Buckwheet: Often very tempting… We once had a yelling match in the driveway one morning while I was late for work. He stood behind my truck and yelled that I’d have to run him over to leave, that he wasn’t done yet. OOOH I was VERY close to doing just that. My truck is lifted quite a bit so, I reasoned, it would just knock him over and I could easily sail right over the top of him and go to work… after enjoying that video in my head, I got out of the truck calmly and let him finish yelling.

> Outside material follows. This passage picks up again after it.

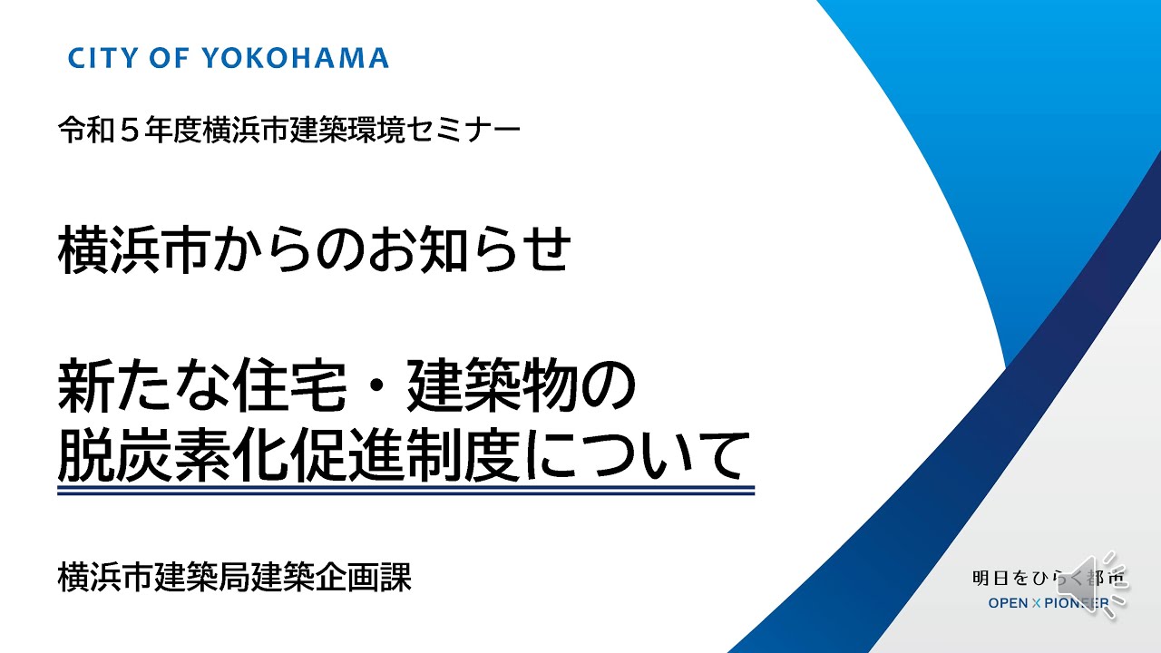 【令和5年度横浜市建築環境セミナー】新たな住宅・建築物の脱炭素化促進制度

Libriarian: I think you are right… he is the youngest of five and knows how to get his way. Consequently, when he tries one of his “washing machine programs” and I recognize it as such I do not give in. Unfortunately, this feed back has NOT made him cease this behavior but has made things worse. You’d win the 10$ - I know that at this point he doesn’t want out of the relationship but I don’t yet either because I think it’s still salvageable.
KissingPro: If this relationship was less than 2 years old then I WOULD WALK rather than put up with this shit. I have encouraged him to go make friends but he says he is happy with the single one he has and that he wants more time with me.

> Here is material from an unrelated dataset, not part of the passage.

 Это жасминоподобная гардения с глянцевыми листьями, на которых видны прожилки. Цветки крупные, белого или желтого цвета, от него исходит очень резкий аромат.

Finally, he has in his mind that Cliff is my “boyfriend” and, depending on the fight some of my other friends get thrown into this category too. Nothing I say can change his mind; he knows what’s going on in my mind and I am just deceiving myself. I can say that Cliff is probably one of the best friends I’ve ever had and I do love him, but not in a sexual way. My partner hates my music, my truck, the Southeast Texas vernacular I occasionally use, my rifle, my hunting, my cell phone, my friends, and damn near every thing I do is either wrong or could be done better. On his end, I’m distant, spend no time with him, exclude him from my life, and am generally an asshole.
Is this fixable? The longer it goes on the less I think so. Your suggestions have been great and I sincerely thank you!